Legacy software is surely the number one problem faced by the software industry today. As time passes, the software's entropy increases and it becomes harder and harder to work with. The accumulation of technical debt can eventually reach a point where momentum is lost and a rewrite is feasible. This can feel like the right option, but for the astutely aware the new software will also suffer from software entropy and the cycle of legacy continues.
Insanity: doing the same thing over and over again and expecting different results" - Albert Einstein
A software modernisation project is essentially about identifying the requirements and functionality of the legacy system - and then making the requirements available in a newer and better looking system. This is a simplified viewpoint as software modernisation projects usually take the opportunity to address other issues as well. This postulate will form the argument that follows.
The problem is that the requirements of a software system are written into the code by developers. A developer reads through the requirements, interprets their meaning, and then writes the code. This may seem normal but that's because the problem is subtle. If a requirement changes, then the developer must update the code. Alternatively, if the code changes then someone must update the requirements. The connection between requirements and code is a manual one. If the developer is removed from the project, i.e. leaves the business or is no longer available, then the problem becomes even further amplified.
The manual connection between the requirements and the code is weak. Ideally, if there was a stronger connection, the requirements can remain while the code could be modernised underneath.
Requirements are an abstract representation of the code. Abstraction is a fundamental principle of computer science. So, the question is: can we leverage the concept of abstraction to make a stronger connection between the requirements and code? The answer is yes, but let's first look at an example of abstraction in science to cement our understanding.

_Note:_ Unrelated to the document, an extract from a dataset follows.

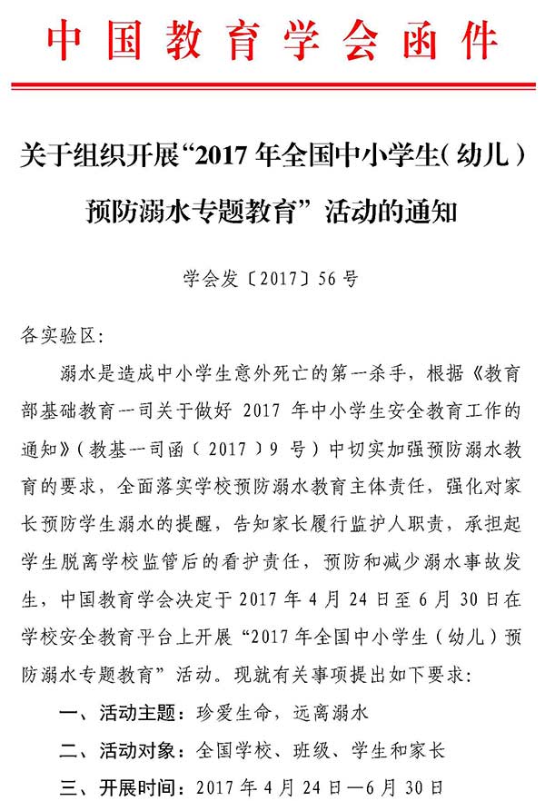 中国教育学会关于组织开展“2017年全国中小学生(幼儿)预防溺水专题教育”活动的通知-凯发平台

Physicists are currently searching for the Theory of Everything (ToE). The theory will be able to describe the complexity of the universe within a single framework. The challenge is to combine the two modern pillars of general relativity and quantum mechanics into a theory of everything. What has been discovered is that the world is made up of layers of increasingly smaller size. For example, an apple is made of atoms; atoms are made of protons, neutrons and electrons; protons and neutrons are made of quarks; and string theorists believe that quarks and electrons are made from strings. String theory is a possible path to a theory of everything.

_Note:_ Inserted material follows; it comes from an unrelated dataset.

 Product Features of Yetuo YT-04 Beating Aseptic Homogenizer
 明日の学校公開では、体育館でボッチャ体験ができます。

Each layer of the physical world can be used to build a higher layer and eventually you end up with the world as we see it. In a sense, each higher layer is more abstract than the one below. Drawing on this as an analogy, computer scientists use a similar approach to representing software. Software is made from models such as the requirements. The models are built from elements in the meta-model such as entities, services, etc. The meta-model elements are built from the meta-meta-model which provides the basic building blocks of everything.
The names used by physicists are far better compared to what computer scientists came up with and these names could be some of the reason why modelling in computer science is so misunderstood. Regardless, if you think of the analogy we used you will be ok. The important point is this - by formalising the layers we now have the makings of a strong connection between the requirements and the code. This is where it begins to get really interesting.
Imagine that we have created a model of the software. The model is a good abstract representation of the software and includes the requirements, state and behaviour - all describing the intent of the software. At this point, it's possible to use code generators (or as we like to call them - robots) to write the code for you. This is possible because there is a strong connection between the layers, and the model sufficiently describes the software.
This hypothetical scenario is a reality today. These academic areas of research fall under several umbrellas that include model-driven engineering, domain specific languages and product line engineering. As always there is a massive gap between research and industry. At the moment the industry is starting to experiment with how to unlock the inherent power, but like all doors, you need to have the right key.
Finally, let's return to the original problem stated at the beginning of this article, legacy is plaguing the software industry. If the requirements of a software system are captured at a higher level of abstraction in models - and the models are used as first class artefacts in the software process by having robots generate code - the software becomes less susceptible to legacy. This is the beginning of a software developers' theory of everything, and like the physicists, there is a long journey ahead. However with plenty of emerging evidence, this is how to migrate to the cloud.